Another major take advantage of electronic remittance advice is that all adjustments are posted. Without this timely information, you data entry personnel may fail to post the “zero dollar payments,” causing an overly inflated A/R. This distortion also makes it more difficult so that you can identify denial patterns with the carriers. You can also take a proactive approach using the remittance advice data and commence a denial database to zero in on problem codes and problem carriers.
Because of HIPAA, nearly all major commercial carriers now provide free access to these electronic processes via their websites. With a simple Internet access, you can register at websites like these and also have real-time usage of patient insurance information that was once available only by telephone. Even the smallest practice should consider registering to verify eligibility, request referral authorizations, submit claims, check status, receive remittance advice, download forms and enhance your provider profile. Registration time and the training curve are minimal.
Registering for free access to individual carrier websites could be a significant improvement over paper for the practice. The drawback to this approach that the staff must continually log out and in of multiple websites. A more unified approach is by using a good practice management application that includes full support for electronic data exchange using the carriers. Depending on the kind of software you use, your choices and expenses can vary as to the way you submit claims. Medicare supplies the option to submit claims free of charge directly via dial-up connection.

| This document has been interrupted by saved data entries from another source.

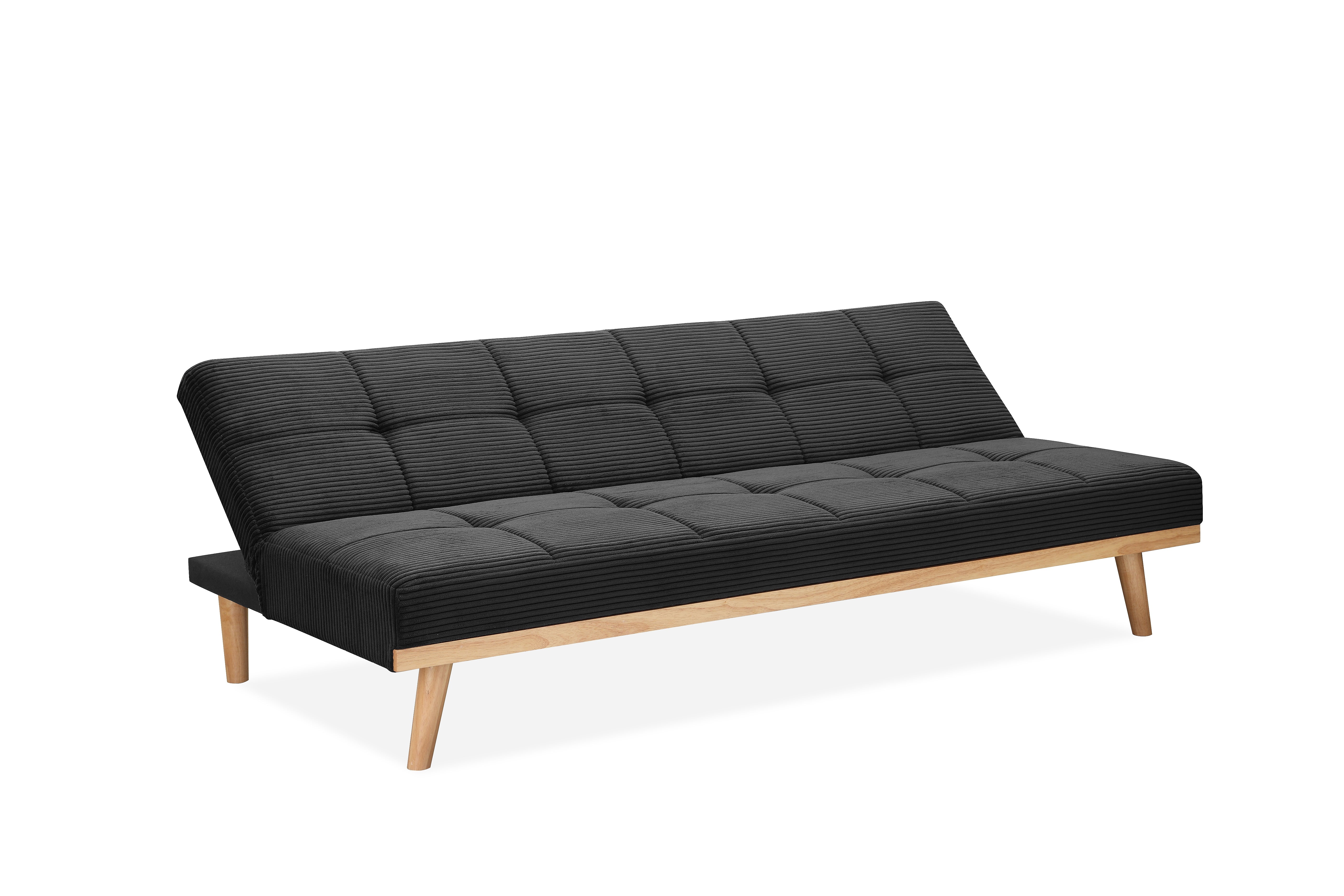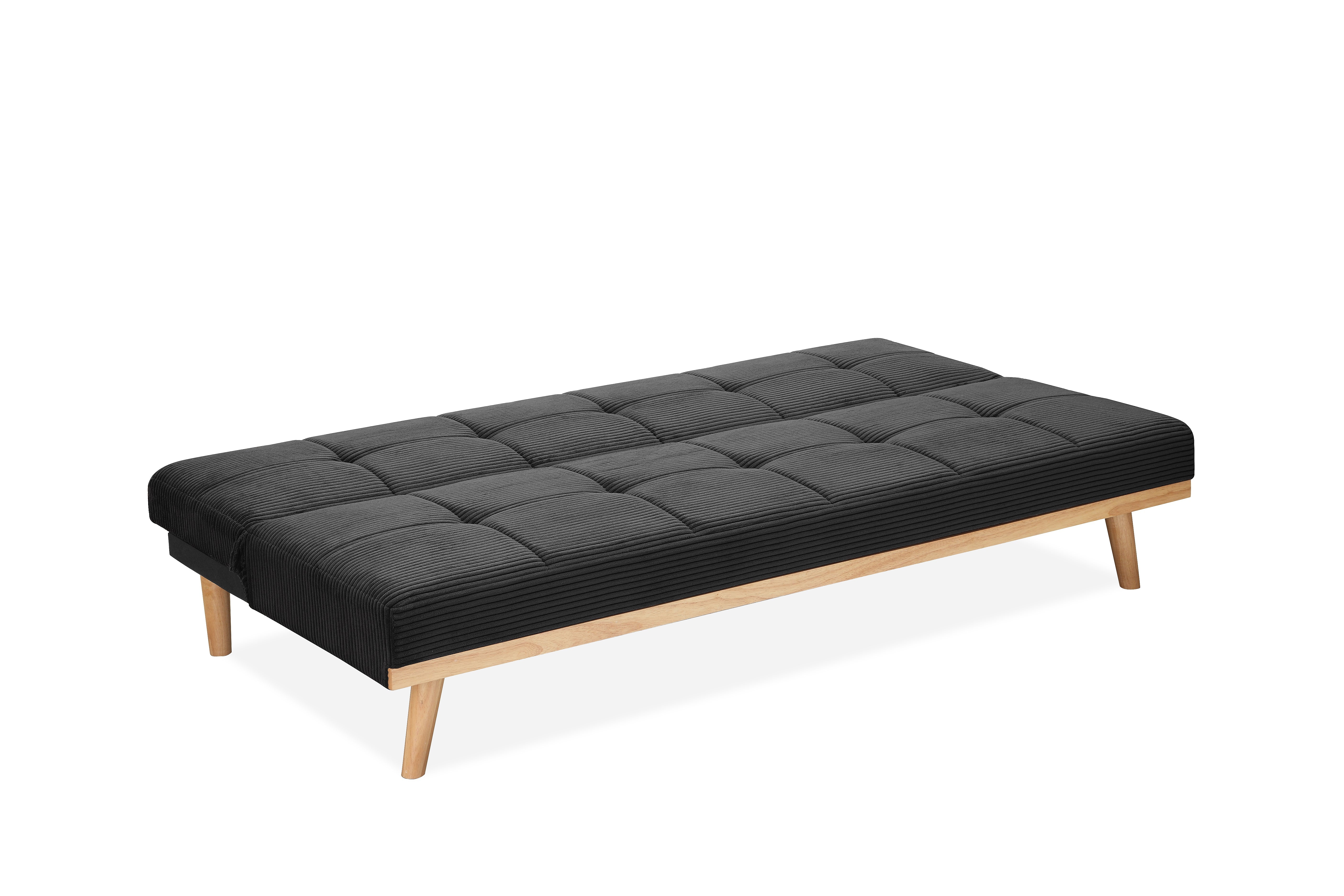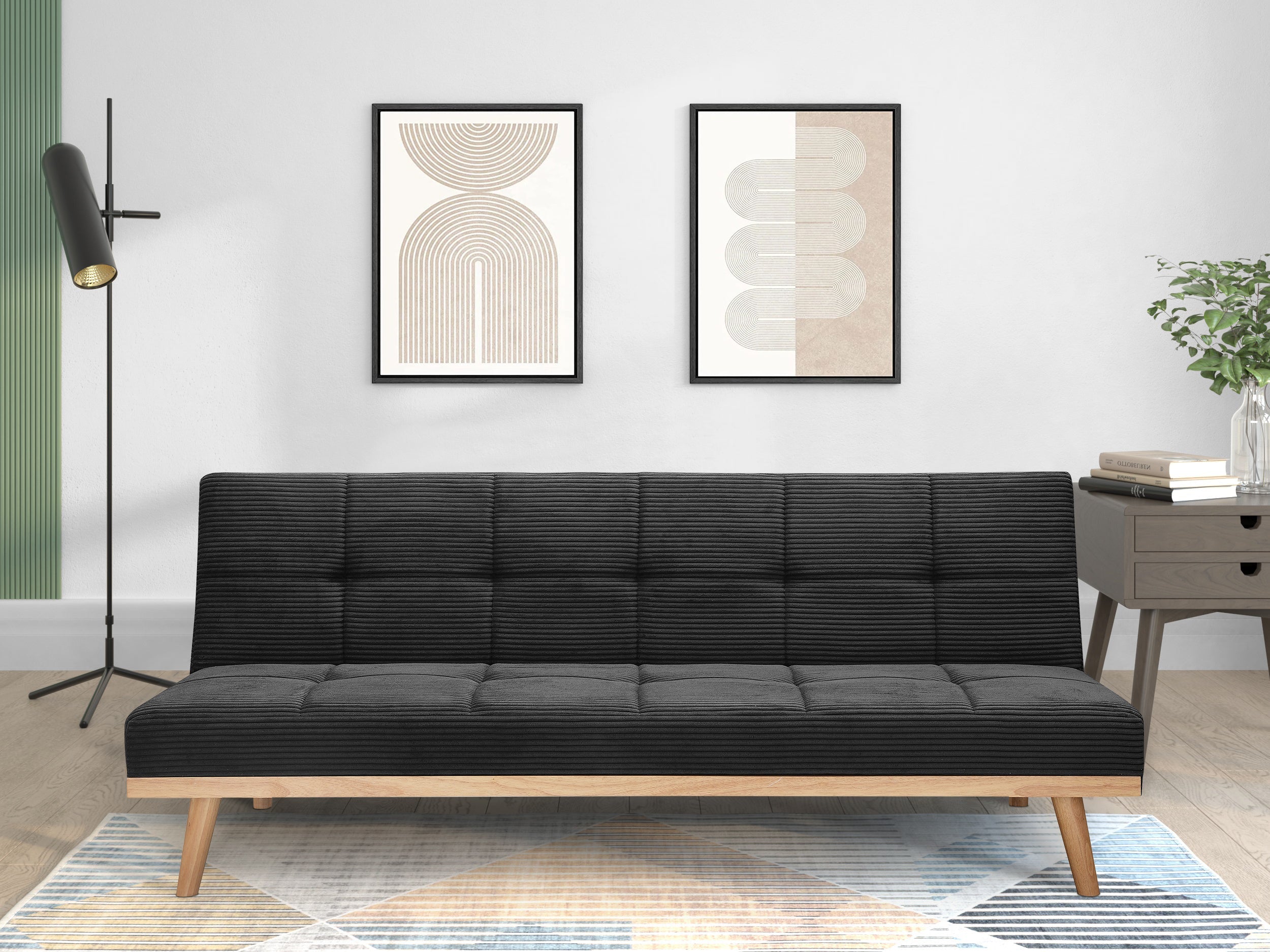 Denne futon-sovesofa forvandles ubesværet fra en sofa til en daybed, der tilbyder alsidighed og komfort. Madrassen måler cirka 101 x 190 cm med en siddehøjde på 37 cm. Understøttet af massive træben giver den et robust og stilfuldt fundament. Sovesofaen er polstret med skum for holdbarhed og komfort, og den understøtter op til 300 kg. Ideel til både at sidde og sove, den kombinerer funktionalitet med et slankt design.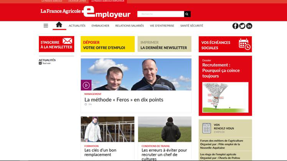 L’objectif de ce site est de répondre aux questions et aux préoccupations des employeurs agricoles : il couvre l’actualité juridique liée à l’emploi. Et des exploitants y partagent leurs expériences en matière de recrutement, d’organisation des tâches et des entretiens, de motivation de leurs salariés, de prévention des risques, et de réduction des coûts pour ce poste souvent très élevés.
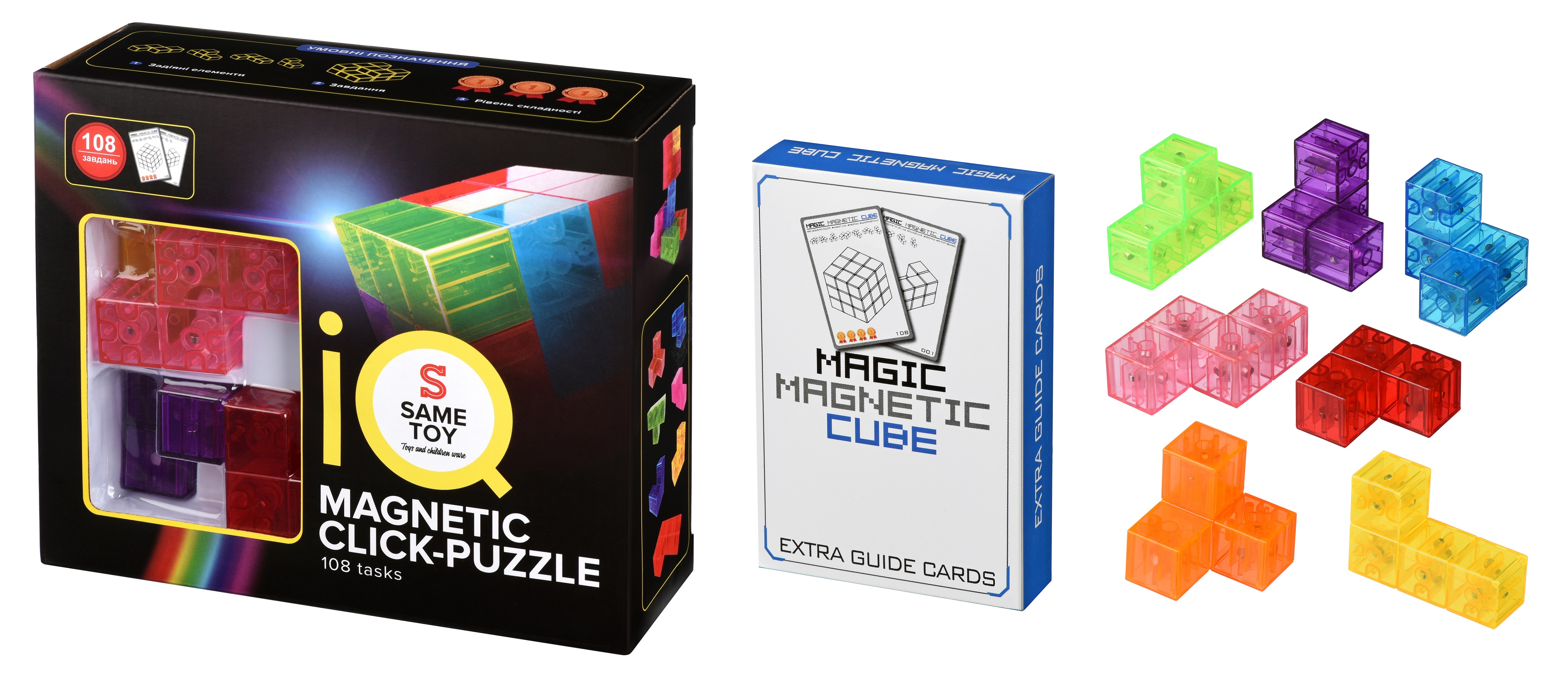 IQ магнітний клік-пазл, який складається із семи блоків різної форми і кольору. У наборі є 54 двосторонні картки з 108 завданнями різного рівня складності. Необхідно розташувати деталі згідно з інструкцією на картці, щоб зібрати задану фігуру. Завдяки магнітам всередині блоків деталі легко з'єднуються між собою, утворюючи єдину конструкцію. Сім окремих частин магнітного клік-пазла можна скласти у велику кількість комбінацій. Рекомендований вік: 3+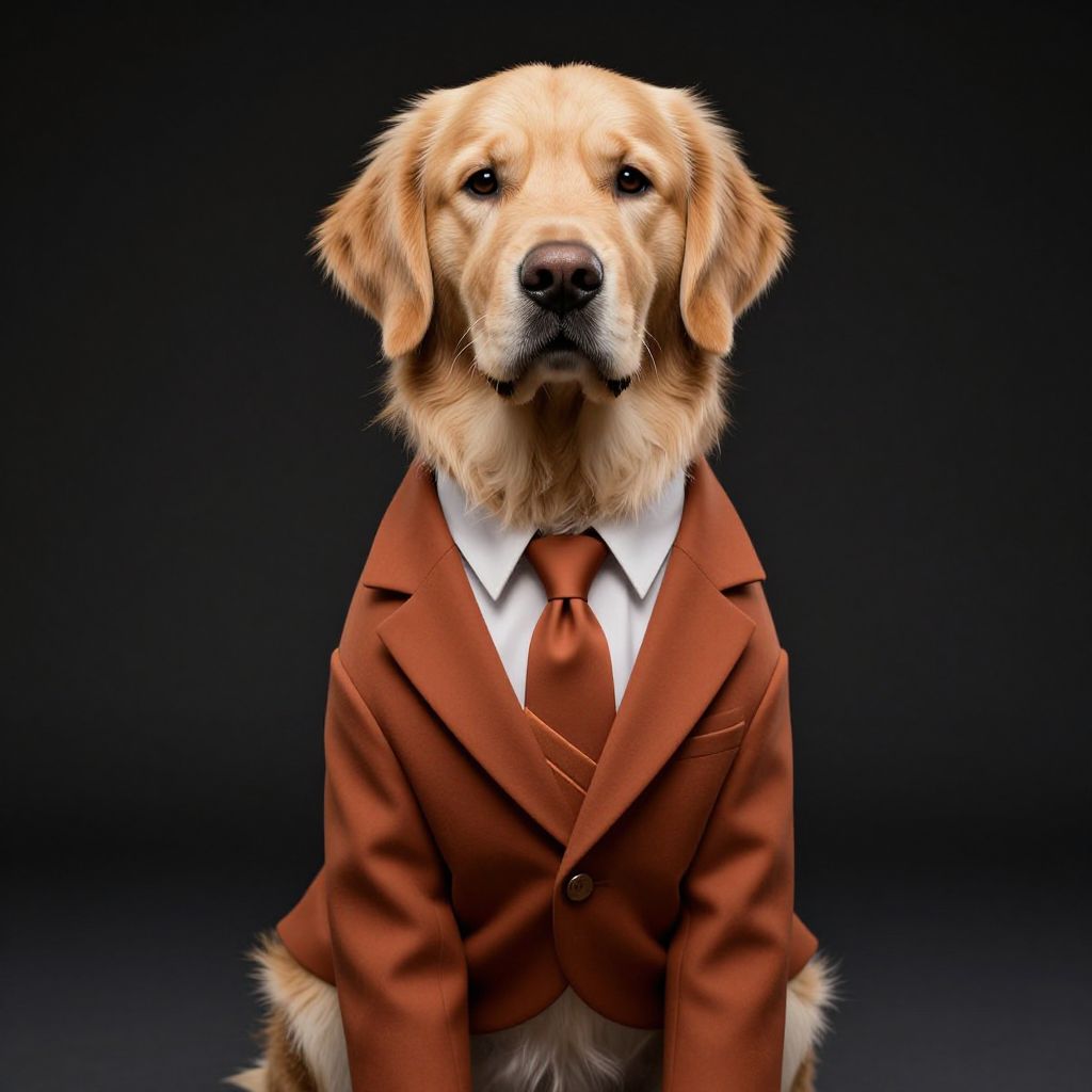 Photograph of a golden retriever wearing a brown suit jacket, white shirt, and matching tie, seated against a black background.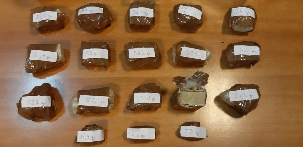 Σε έρευνα των αστυνομικών στον υπαίθριο χώρο, βρέθηκαν και κατασχέθηκαν 18 συσκευασίες ηρωίνης σε μορφή βράχου συνολικού βάρους 807,1 γραμμαρίων. Η ηρωίνη ήταν μέσα σε γυάλινα βάζα.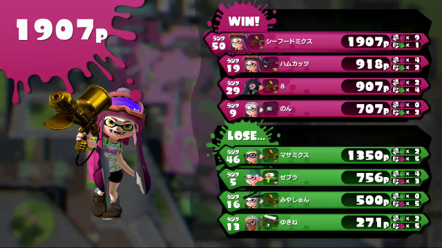 | Tentatek Splattershot | 5 | 756 | 4 / 3 > | 1.33 | 57.1% | |

Alternately, you might have the choice to utilize a clearinghouse that receives your claims for Medicare as well as other carriers and submits them for you personally. Many software vendors dictate the clearinghouse you need to use to submit claims. The price is generally determined on a per-claim basis and will usually be negotiated, with prices starting around twenty-four cents per claim. While using the billing software as well as a clearinghouse is an excellent approach to streamline procedures and maximize collections, it is necessary ejbexv closely monitor the performance of your clearinghouse. Providers should instruct their staff to file claims at least three times each week and verify receipt of these claims by reviewing the many reports offered by the clearinghouses.
These systems automatically review electronic claims before these are sent. They check for missing fields, misused modifiers, mismatched CPT and ICD-9 codes and generate a report of errors and omissions. The best systems will also check your RVU sequencing to ensure maximum reimbursement.
This procedure provides the staff time and energy to correct the claim before it is actually submitted, making it much less likely the claim will likely be denied then need to be resubmitted. Remember, the carriers earn money the more time they could hold onto your payments. A great claim scrubber will help even the playing field. All carriers use their particular version of a claim scrubber whenever they receive claims on your part.
With all the mandates from Medicare along with all the other carriers following suit, you simply do not want to never go electronic. All aspects of your own practice can be enhanced using the HIPAA standards of electronic data exchange. As the initial investment in hardware, software and training could cost thousands of dollars, the correct utilisation of the technology virtually guarantees a fast return on your own investment.